Not been for a loooong time myself, but thats only because I've been riding natural tails, saving the trail centers for winter when it gets too boggy up in the Dark Peak.


----------



## maurice (11 Sep 2008)

bonj said:


> 'tawr/temtiwr' trail isn't THAT hard. Also try llandegla which is near ruthin/



Isn't the tawr the ex-red bull trail? That is so not a beginner trail.

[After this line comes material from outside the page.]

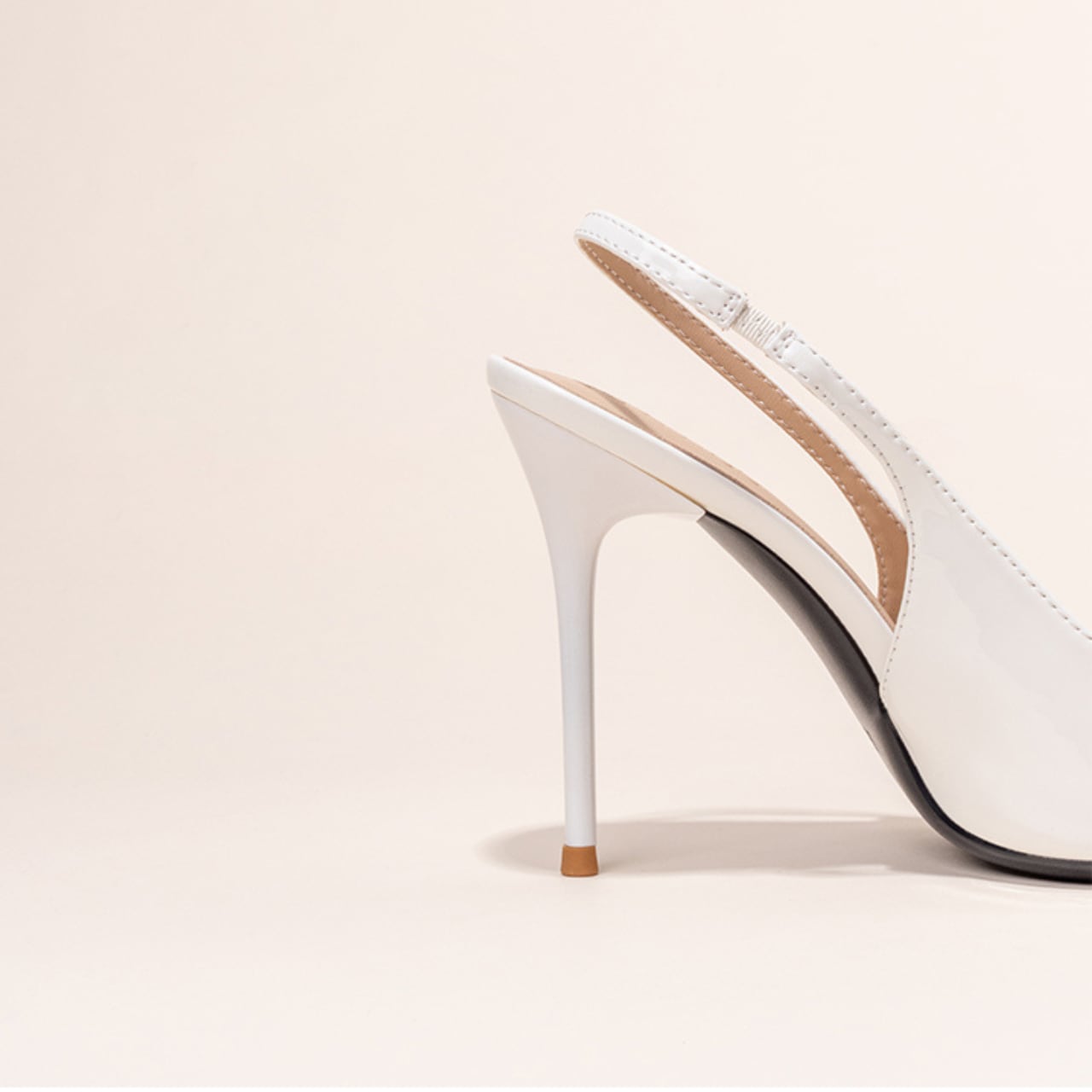 スリングバックスタイルが快適さとスタイリッシュさを兼ね備え、特別なイベントやフォーマルなシーンにぴったりです。

Llandegla is a good tip though, ideal for a beginner. If you live the other end of North Wales the Marin trail (near Betws y Coed) isn't too bad for beginners and has some nice sections.


----------



## Jim77 (14 Sep 2008)

maurice said:


> Isn't the tawr the ex-red bull trail? That is so not a beginner trail.
> 
> Llandegla is a good tip though, ideal for a beginner. If you live the other end of North Wales the Marin trail (near Betws y Coed) isn't too bad for beginners and has some nice sections.



Thanks.
Which is the busier centre Marin or Llandegla? What are the easier routes like at the Marin trail?


----------



## maurice (15 Sep 2008)

The Marin trail is just that - one trail. It's a halfway house between Llandegla and Coed y Brenin in terms of difficulty. (If you forget the easy peasy green family trails)

Marin is usually a lot quieter as Llandegla gets a lot of riders from Midlands / North West.

It's good though, some nice sections. I prefer Penmachno, but that is a bit more intimidating for beginners due to some of the singletrack only having half the recommended number of sides.


----------



## barq (16 Sep 2008)

maurice said:


> Isn't the tawr the ex-red bull trail? That is so not a beginner trail.



Yep, that's the one - it's been slightly re jigged. Generally CYB has become rockier than it used to be. That's good in the sense that there is less mud/erosion, but does tend to make it slightly more technical (by cross country standards).

Its also worth saying that many of the trails start with granny-stoppers. Much of the climbing on the Tawr is early on - it gets it out the way and ensures a certain base level of fitness.


----------